Ему вдруг стало смешно, он всхлипнул, споткнулся, быстро шагнул вперед, чтобы не упасть, и увидел ствол винчестера не перед собой, а над своим плечом. Скорее он попытался сказать то, ради чего пустился в это рискованное предприятие:
- Я вам помогу, сэр Ричард... Я поддержу Профессора с другой стороны...
Но говорить оказалось труднее, чем идти. Голоса не было совсем. Сэр Ричард обернулся, посмотрел на мистера Томпкинса печально и внимательно и ответил чужим хриплым голосом:
- Идите, мистер Томпкинс. Идите, пока можете.
Немного погодя, когда восстановилось сбитое дыхание, ритми даже дистанция - он шел опять справа и чуть сзади - мистер Томпкинс обнаружил внезапно странное явление. Ему приходилось теперь все ниже опускать голову, чтобы солнце не слепило глаза. Значит, оно не врезано намертво в зенит, значит, все-таки будет когда-нибудь ночь! Но эту ночь, страшные часы душного мрака, предстояло еще дождаться...
Драгоценно человеческое тело. Приобрести его нелегко. Оно дается для того, чтобы мы жили на своей планете с другими тварями и старались понять, зачем мы живем. Когда поймем, говорят, мы станем свободны. Но что можно понять, когда все это тело так болит? Когда его изнутри пожирает жажда? Что сожжены плечи - это пусть. Болят, и ладно. Все равно солнце ушло вперед и смотрит теперь прямо в лицо. И лучи стелются горизонтально. Так что приходится плыть против потока расплавленного золота. И, что хуже всего, это же золото при каждом вдохе глотать. Говорят, индейцы вливали расплавленное золото в глотку пленным конкистадорам. Дескать, теперь твоя душенька довольна? Враки это все, сочинение идеалистов. Не бывает на земле справедливости. Если кому-нибудь и влили золото в глотку, то, конечно, не тому, кому надо. Интересно другое: почему оно так выносливо, человеческое тело? Любое минеральное образование в этом свирепом потоке излучения давно возогналось бы, минуя стадию расплава. А оно ничего. Шагает. И даже продолжает расширять и сокращать легкие, как будто кипящее золото пригодно для дыхания. И больно, больно...

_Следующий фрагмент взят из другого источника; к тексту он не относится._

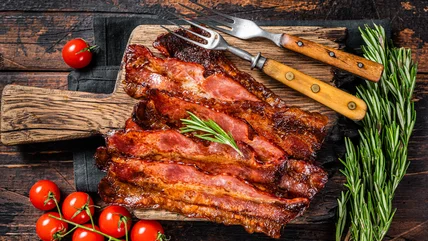 It may also be best to avoid bacon brands that use artificial ingredients or add hormones to their products. Appearance-wise, you should look for bacon that has long, consistent veins of meat, with a rosy pink hue, and slices that aren't overly fatty. Crucially, too, make sure that your bacon has been stored correctly in the supermarket. Avoid any packs that feel warm to the touch, and pick products that are well within their use-by date.
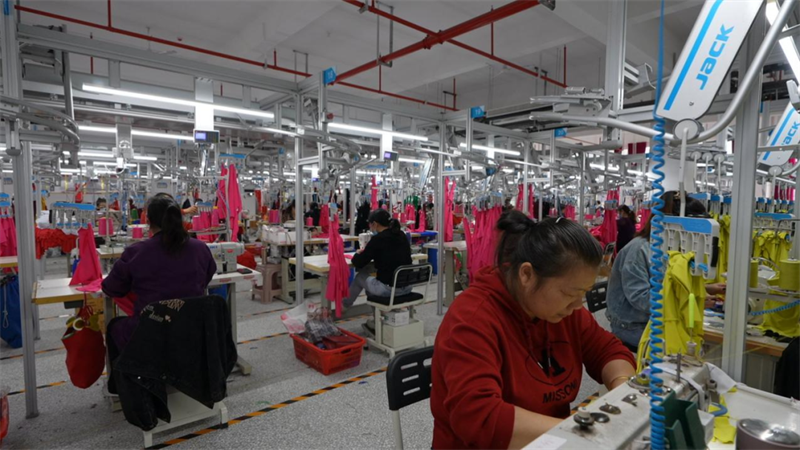 走进泥江口镇的益阳市湘银之舞服饰有限公司车间,五颜六色、令人眼花缭乱的生产线一片忙碌。工人在智能裁床、智能吊挂系统等现代化设备的帮助下,最快几十秒就可以完工一件广场舞服。
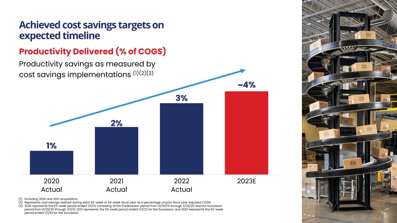 Achieved cost savings targets on expected timeline 79 1% 2% 3% ~4% 2020 Actual 2021 Actual 2022 Actual 2023E Productivity Delivered (% of COGS) Productivity savings as measured by cost savings implementations (1)(2)(3) (1) Excluding 2020 and 2021 acquisitions. (2) Represents cost savings realized during each 52-week or 53-week fiscal year as a percentage of prior fiscal year Adjusted COGS. (3) 2020 represents the 53-week period ended 1/3/21, consisting of the Predecessor period from 12/30/19 through 8/28/20 and the Successor period from 8/29/20 through 1/3/21; 2021 represents the 52-week period ended 1/2/22 for the Successor; and 2022 represents the 52-week period ended 1/1/23 for the Successor.
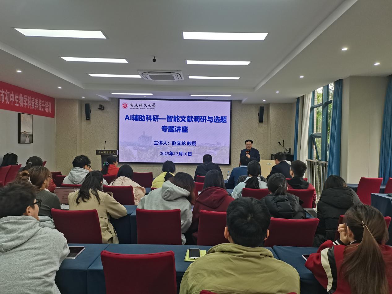 2025年12月10日下午3时,在pa视讯官方集团在逸夫楼409会议室成功举办“AI辅助科研—智能文献调研与选题”学术讲座。本次讲座是AI科研工作坊系列活动第六期,由PA视讯登录入口科研处主办、pa视讯官方集团承办,特邀重庆医科大学生物医学工程学院院长、医学数据研究院常务副院长赵文龙教授担任主讲人,讲座由pa视讯官方集团副院长乐涛教授主持。现场吸引了学院师生100余人参与学习交流。
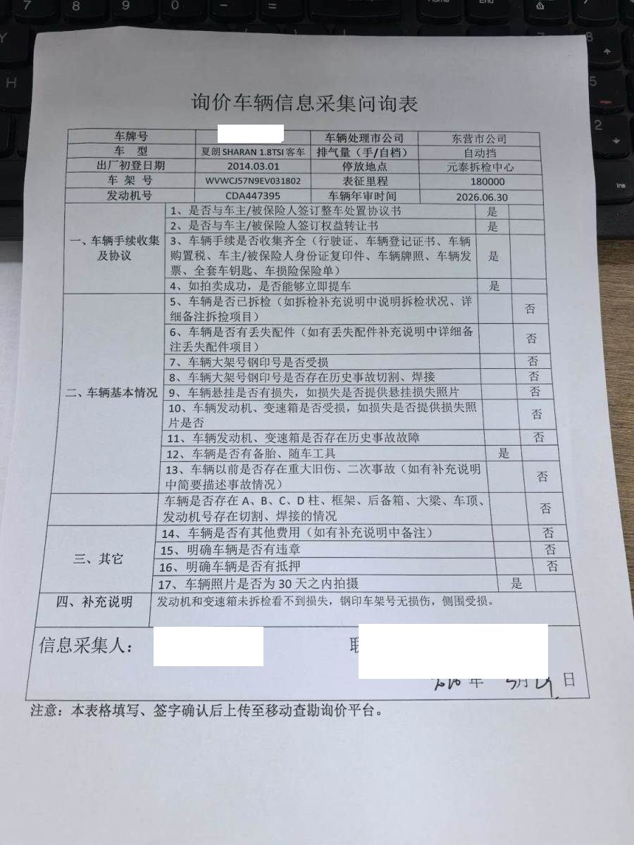初次登记日期 2014-06-23 车辆名称 大众 夏朗
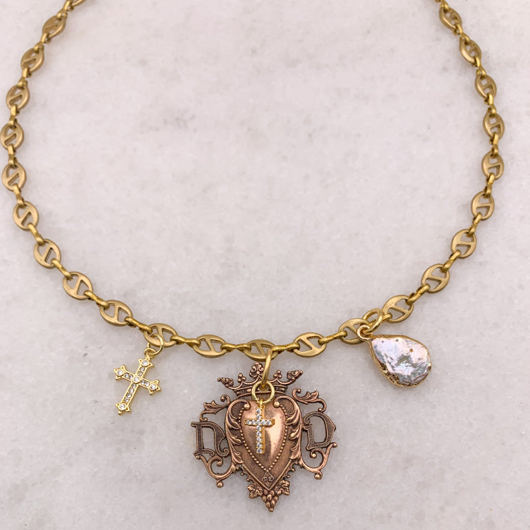An Ornate Necklace, Golden Vintage French Heart featuring the Emblems ND, for Notre Dame, hung with a Wonderful 24 Carat Gold Dipped Natural Fresh Water Pearl, Crystal 16 carat gold cross on an Exceptionally Rare Vintage Gucci Chain.
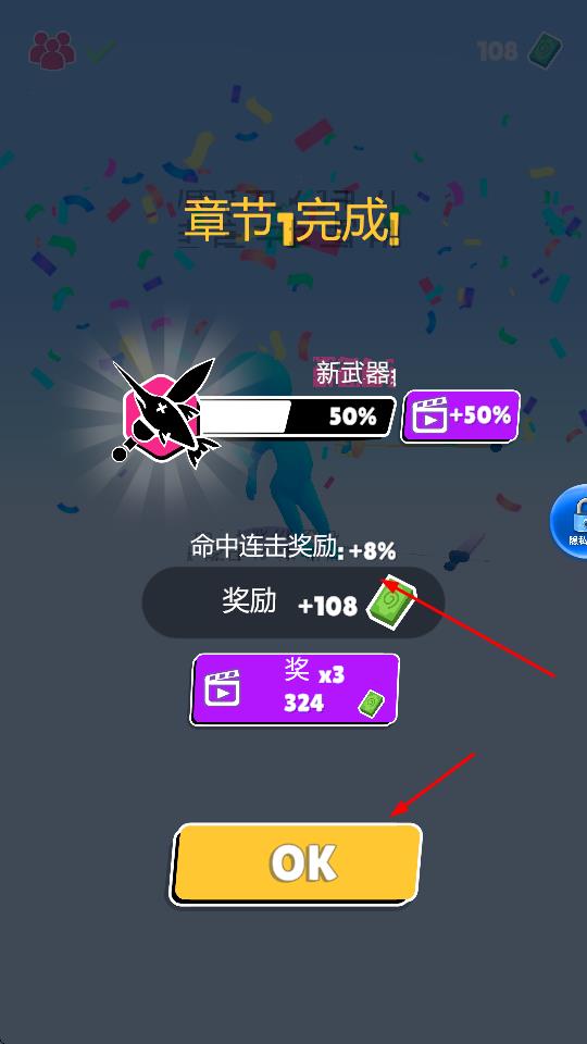 3、玩家成功击败敌人,完成章节任务,可获得金币等奖励,并可点击“OK”推进到下一章节继续游戏。
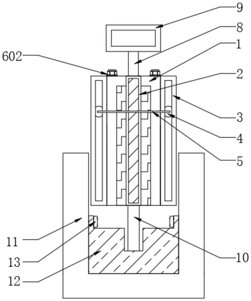 本实用新型公开了一种防黏减摩润滑剂生产用配比装置,包括壳体和齿轮。所述壳体的前端设置有数值显示表,且壳体的左右两侧均固定连接有齿条壳体,所述齿轮设置于齿条壳体的内部,所述壳体的内部上壁设置有固定组件,所述限位件的内部螺纹连接有螺纹件。该防黏减摩润滑剂生产用配比装置,通过齿条壳体、齿轮与辅助件便于不熟练的操作人员也能够精准的配比物料,能够避免物料配比不均匀的现象发生。硅胶活塞、拉伸杆与把手有利于操作人员在没电的情况下使用该设备进行工作,且不耽误工作效率,较为方便。而存放箱体、清洁海绵和固定件则有利于对设备进行存放,并且能够防止物料长时间接触空气,导致物料表面干掉,影响设备的正常使用。
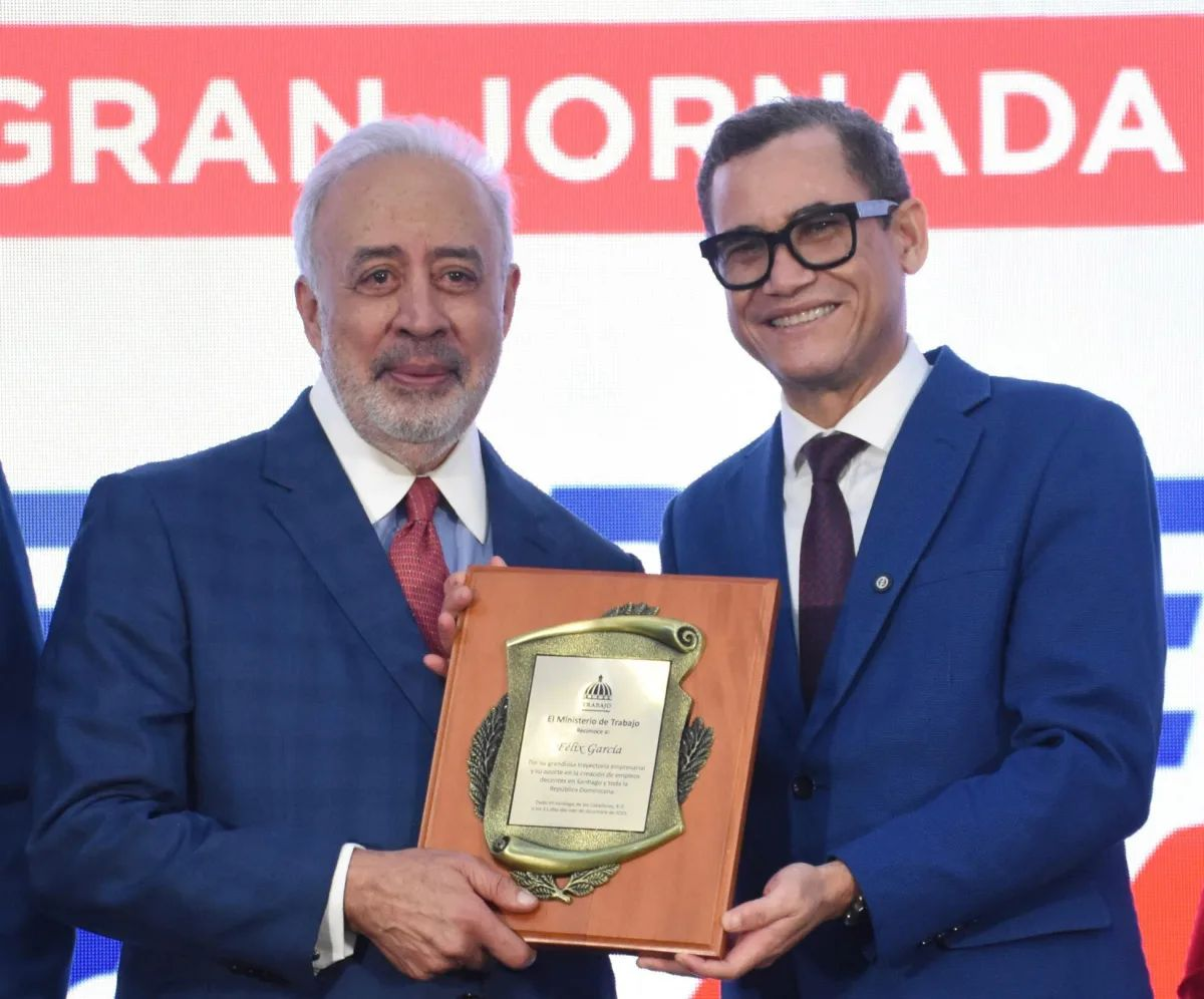 Uno de los momentos más significativos fue el reconocimiento al empresario Félix García, distinguido por su amplia trayectoria empresarial y sus aportes al desarrollo económico de Santiago. El homenaje resaltó su liderazgo, su visión de crecimiento y su papel activo en la generación de empleos formales en la región.

Солнце висело теперь над самым горизонтом. Оно было почему-то черное, как жерло вулкана, из него выплывали какие-то лохматые дымящиеся хлопья. Но это было неважно. Была жажда. Остальное перестало существовать - и солнце, и даже боль.
Солнце коснулось горизонта и медленно пошло вверх.
Конец, - подумал мистер Томпкинс.
Сэр Ричард остановился. Мистер Томпкинс поравнялся с друзьями. Втроем они стояли и смотрели на солнце. Оно поднималось.
|
Вот три, которые властны:
Земля, небо, время,
Вечный камень, пустая твердь, песок бегущий.
О СОЛНЦЕ, гневное пламя!
Черный свинец, красная ртуть, белая соль
Небо, время, земля.
И жажда, жажда...
О СОЛНЦЕ, ты сжигаешь меня!
Вечным полднем прикованы
Время, земля, небо.
Растворить себя в нескончаемом зное.
СОЛНЦЕ! СОЛНЦЕ! Мы твои дети! |
Как будто ландшафт изменился. Мистер Томпкинс видел на горизонте зубчатые пики, но не был уверен в их существовании. Они как-то зыбились, меняли цвет. Потом вдруг прямо перед ним возник другой пик, поменьше, и он ушиб о него ногу. Вся почва вокруг была в выбоинах и острых, как кости, камнях.
Да что же это такое, ведь этого не может быть - думал мистер Томпкинс. Не могло это все так прямо со мной произойти. Это было раньше или будет потом. Я об этом где-то читал. Вот пройду несколько шагов и вспомню - то ли это было, то ли еще будет... Да, конечно будет - вспомнил. И острые скалы, и жажда, и мы трое. Но мы будем тогда на планете другой... А кто сказал, что вот эта планета - та самая? Это мы ее называем - Земля. А кто ее знает, какая она на самом деле?
Дай руку, страдание, руку...
чужая планета чужое солнце и своя гортань
тянется дорога лежит пустыня и кружится голова
чужая земля чужой полдень и мое сердце
| голая голая голая
высокое высокое высокое
сухая сухая сухая
долгая долгая долгая
сухая сухая сухая
тяжелая тяжелая тяжелая
сухая сухая сухая
всегда всегда всегда
ток ток ток
|
- Нет никакого смысла, - сказал вдруг Профессор ясным голосом.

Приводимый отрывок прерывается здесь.